Charging an arm and a leg for arts programs is a scam because it’s not opening the same economic opportunities as career based degrees. Having or providing arts degrees is totally fine, they just need to be cheaper.
I think the main benefit of an art degree (for the average person) is learning to research, communicate ideas, and think critically. I have a degree in political science and work in an IT/business role but I absolutely don't regret my choice of degree.
Arts education (which I mean to encompass not just visual art but also literature, plays, music, etc) is important because without it you get idiots with no media literacy. An arts degree, specifically, may not be important or beneficial for the average person, but classes in which one must think critically about the creator, the creator's intent, the context in which the art was created, and the reception of the art are how you teach people to be well-rounded individuals who don't just vomit out the first half-baked thought their curdled brain cobbled together from propaganda.

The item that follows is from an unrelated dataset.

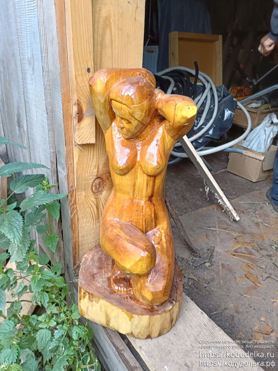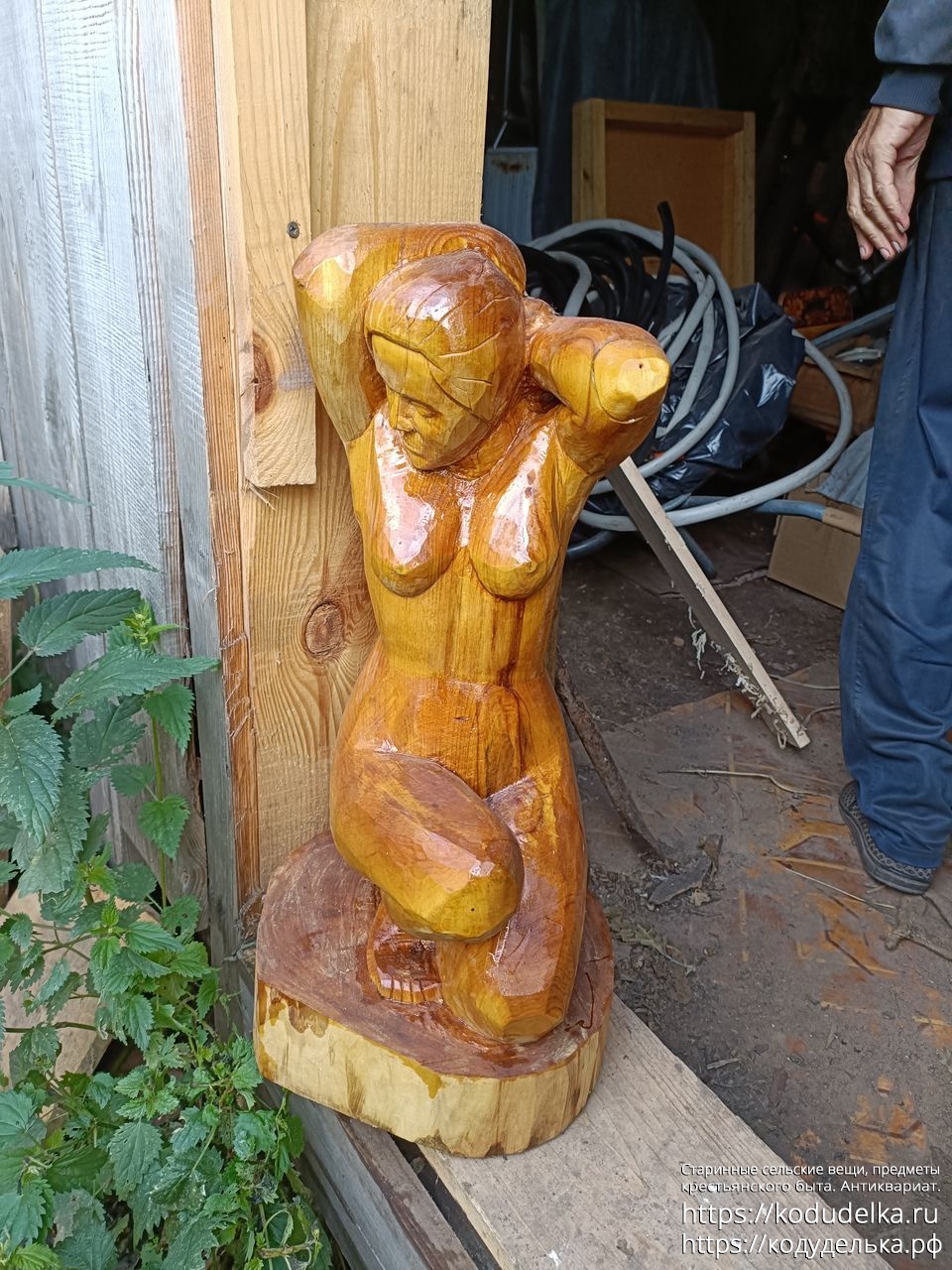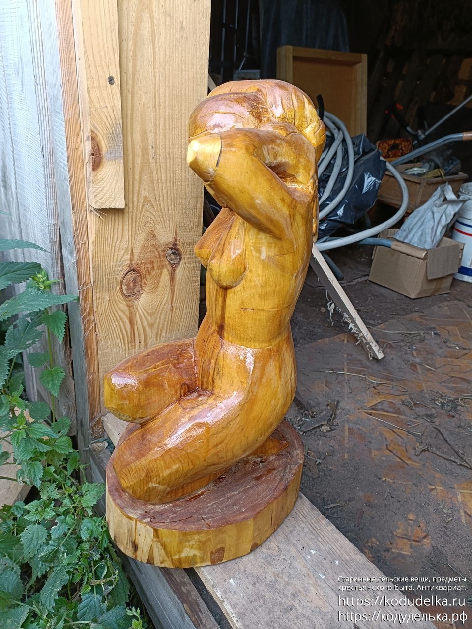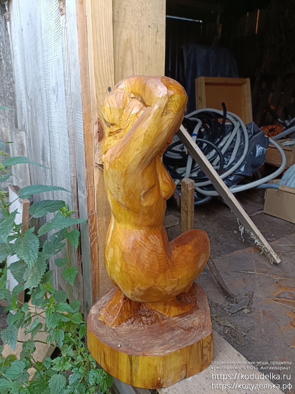 Резная деревянная фигура «обнаженная женщина в полуприседе)))))))», выполнена в период зима 23-зима/весна 24 самобытными художниками-резчиками, в стиле на стыке реализма и примитивизма.

It's only a scam if they're being misleading. I've never heard anyone say "get an art degree, you'll get rich!" It's not a scam to study art simply because you want to develop your knowledge and talents in a structured way. Should art degrees cost as much as they do? Probably not, but "expensive" and "scam" are two different things.
College should be about the pursuit of education, plain and simple. For a specific education to be required for licensure makes sense, not for it to be a resume filter for admin assistants.
I mean I'd love if my auto mechanic had a degree in ethics and philosophy. The world would be a much nicer place if everyone had a well rounded education imo.
Did anyone ever actually get a Trump University degree? It only operated for like 5 years. Imagine being the poor schmuck with a framed Trump University degree on his pawn shop office wall.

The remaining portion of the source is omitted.